Hang in there all Flowers

I'm on the patches for the progesterone and oestrogel for the oestrogen. The patches on their own were rubbish! Not nearly enough oestrogen. I am on 4 pumps a day which keeps me sane and is the highest dose allowed!
lborgia · 22/07/2021 00:48

Well here's a new problem. Once you've GOT the new job, how to rein in your contempt on a daily basis?

I just got a text on my day off today asking for an update on 2 not-very-important-things, because "He wants to know where we're up to".

I very politely pointed out the reason I didn't reply to first message on Teams was because I'm not at work, and second, "He" already has the info because I told him on Tuesday. No number of chirpy emojis is going to make this ok.

My inner snark may have been slightly obvious Blush

ssd · 22/07/2021 07:48

@lborgia, I'd say you were very understated. When really you wanted to say 'can't you fucking listen you clown'

So on balance I'd give myself a pat on the back if i were you

Whatwouldnanado · 22/07/2021 08:04

Waving from the other side, nearly 54 and it does get better. HRT gave me migraines that first mimicked a stroke which wasn't fun. Menopace supplements stopped the sweats and the urge to either throttle people or state out of the window all day.
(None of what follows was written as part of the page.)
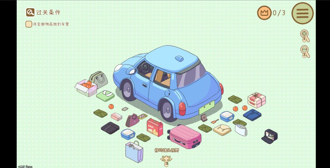 以关卡制进行游戏,难度梯度设计很好,最初的关卡只有场景的一部分,由浅入深开始整理整个场景。关卡通关并不困难,摆放的自由度很高,通关检测条件比较简单,但寻找隐藏物品比较困难,关卡大部分时间是在思考如何摆放,以及对每一种物品进行探索。

Now take Menopace Max. Get your B12 levels checked.
In no position to give careers advice as despite excellent feedback on my interview performance my attempts for promotion ended with a patronising head tilt from the 12 year old fuckwit "it's your hours"... slightly reduced to help with grandkids and elderly parents.
Good luck with your interview and update.

KeflavikAirport · 22/07/2021 08:08

I had a horrible two-part nightmare about speaking my truth, everyone hating me for it, and having to go round and apologise. I'm blaming this thread Grin

ssd · 22/07/2021 08:10

Hmmm. Im 54 and am straining to reign in my annoyance at your cheeriness whatwould...Grin

Don't think it goes away at all. Maybe you can just hide it better than me ?!?

Wormholes · 22/07/2021 08:34

With regard to the 'try new things' advice, I've shaken off my post-menopausal ennui (late 50s) by doing as little as possible at work (which is a LOT less than I dared hope) and taking up behaving badly. Trespassing, never paying to park, taking what I want and not apologising. It's great. There's nothing to fear. Rules are bullshit.